Frequency of exposure also plays a role, though not always in the direction you’d expect. Regular spicy food eaters sometimes report less sensitivity over time, likely because repeated low-level TRPV1 activation can temporarily desensitize those receptors. But this isn’t a universal effect, and it doesn’t mean the underlying irritation has stopped.

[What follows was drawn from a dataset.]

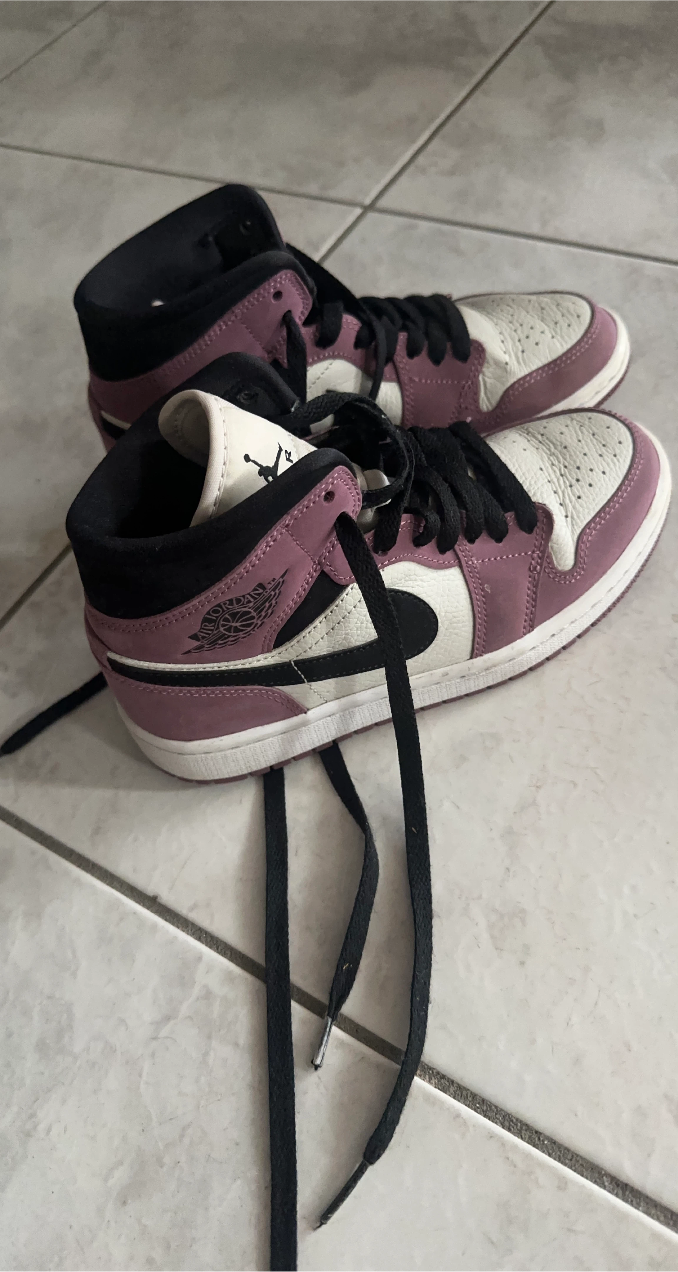 Selling a pair of Nike Air Jordan 1 Mid sneakers in the Plum Fog colorway. These are in great condition and ready for a new owner! They feature the classic Air Jordan design with a stylish color combination.

What Actually Helps After Spicy Food

If you’re already feeling the burn, reaching for a glass of water won’t do much. Capsaicin doesn’t dissolve in water, so swishing it around your mouth or swallowing it just moves the compound without neutralizing it. Milk is a far better option. It contains a protein called casein that breaks down capsaicin the way dish soap cuts through grease. A 2019 study comparing seven different beverages found that both skim and whole milk significantly outperformed water, seltzer, soda, and non-alcoholic beer at reducing the burn. The only non-dairy option that came close was a sugary flavored drink, likely because sucrose has a modest burn-reducing effect on its own.

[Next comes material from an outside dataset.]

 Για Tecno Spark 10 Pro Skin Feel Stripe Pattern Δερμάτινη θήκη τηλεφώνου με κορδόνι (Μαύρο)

Plant-based milks like oat or almond milk won’t help because they lack casein. If you don’t have dairy milk available, sucking on a sugar cube or sipping a sweet drink is your next best option, though neither works as effectively. For the heartburn itself, rather than just the mouth burn, eating starchy foods like rice or bread alongside spicy dishes can help absorb some of the capsaicin before it reaches your esophagus. Eating spicy food on an empty stomach removes that buffer entirely, which is one reason the same dish can bother you at lunch but not at dinner.

Long-Term Considerations

For most people, occasional spicy-food heartburn is uncomfortable but harmless. The picture gets more complicated with very frequent, very high levels of spicy food consumption over many years. A meta-analysis covering over 7,800 esophageal cancer patients and more than 515,000 controls found that the highest levels of spicy food intake were associated with a 70% increased risk of esophageal cancer compared to the lowest intake levels. This association was strongest in Chinese populations and didn’t reach statistical significance in Indian populations or for certain cancer subtypes, so the relationship is far from simple. Genetics, preparation methods, other dietary habits, and the specific types of spices used all likely play a role.

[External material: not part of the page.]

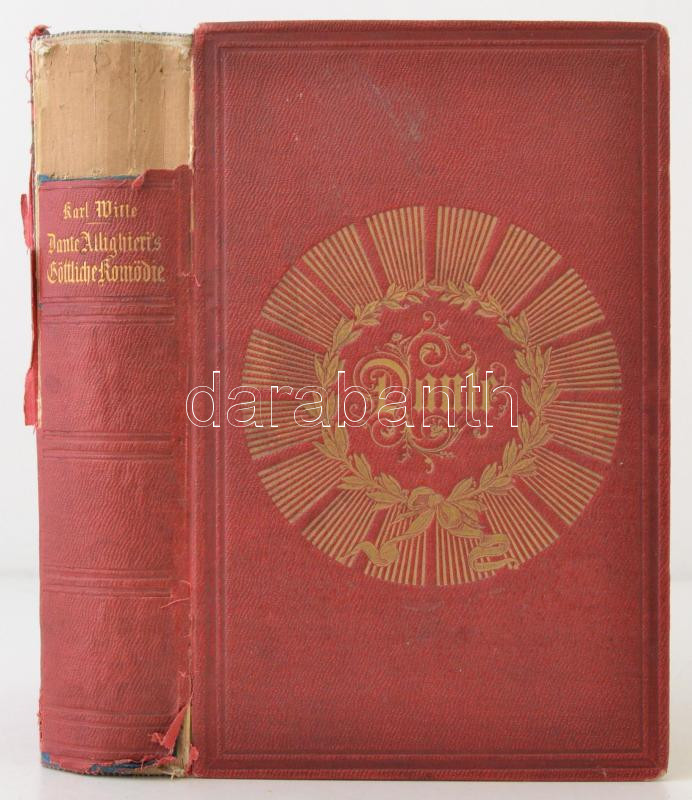 Beschreibung: Dante Alighieri: Göttliche Komödie. Berlin, 1865, Rudolph Ludwig von Decker. Aranyozott lapszélekkel, díszes, sérült vászonkötésben.

The more immediate concern for regular spicy food eaters is whether repeated capsaicin exposure is gradually wearing down the esophageal barrier. If you notice that heartburn is becoming more frequent or more intense over time, that pattern suggests your mucosal lining may not be fully recovering between episodes. Reducing the frequency or intensity of spicy meals, pairing them with dairy, and avoiding eating them close to bedtime (when lying down makes reflux worse) are the most practical adjustments.